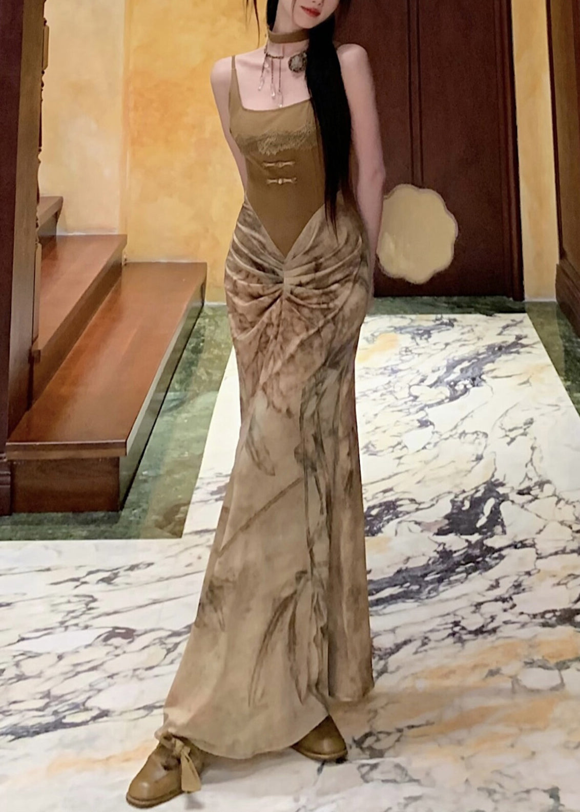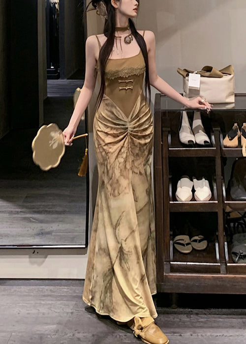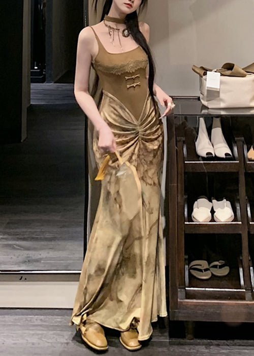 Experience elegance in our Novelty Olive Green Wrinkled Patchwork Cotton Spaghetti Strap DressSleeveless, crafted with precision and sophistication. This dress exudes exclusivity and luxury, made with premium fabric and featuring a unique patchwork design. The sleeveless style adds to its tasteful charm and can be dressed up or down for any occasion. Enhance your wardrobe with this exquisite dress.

◆ ◆ ◆ ◆ ◆ ◆ ◆

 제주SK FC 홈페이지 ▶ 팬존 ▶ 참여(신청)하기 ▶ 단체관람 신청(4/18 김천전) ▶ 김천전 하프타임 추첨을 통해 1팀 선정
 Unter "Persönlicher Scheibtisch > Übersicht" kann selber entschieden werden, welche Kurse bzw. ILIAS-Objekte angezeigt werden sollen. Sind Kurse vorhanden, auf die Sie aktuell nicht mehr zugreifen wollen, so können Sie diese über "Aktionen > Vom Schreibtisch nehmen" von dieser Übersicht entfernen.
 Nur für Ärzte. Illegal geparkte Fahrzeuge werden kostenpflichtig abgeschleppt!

◆ ◆ ◆ ◆ ◆ ◆ ◆

◆ DESCRIPTION OF THE TASK: Please find all lines of the entries that hold the string "werden" and copy them.

◆ ANSWER TO THIS PROBLEM:
 Unter "Persönlicher Scheibtisch > Übersicht" kann selber entschieden werden, welche Kurse bzw. ILIAS-Objekte angezeigt werden sollen. Sind Kurse vorhanden, auf die Sie aktuell nicht mehr zugreifen wollen, so können Sie diese über "Aktionen > Vom Schreibtisch nehmen" von dieser Übersicht entfernen.
 Nur für Ärzte. Illegal geparkte Fahrzeuge werden kostenpflichtig abgeschleppt!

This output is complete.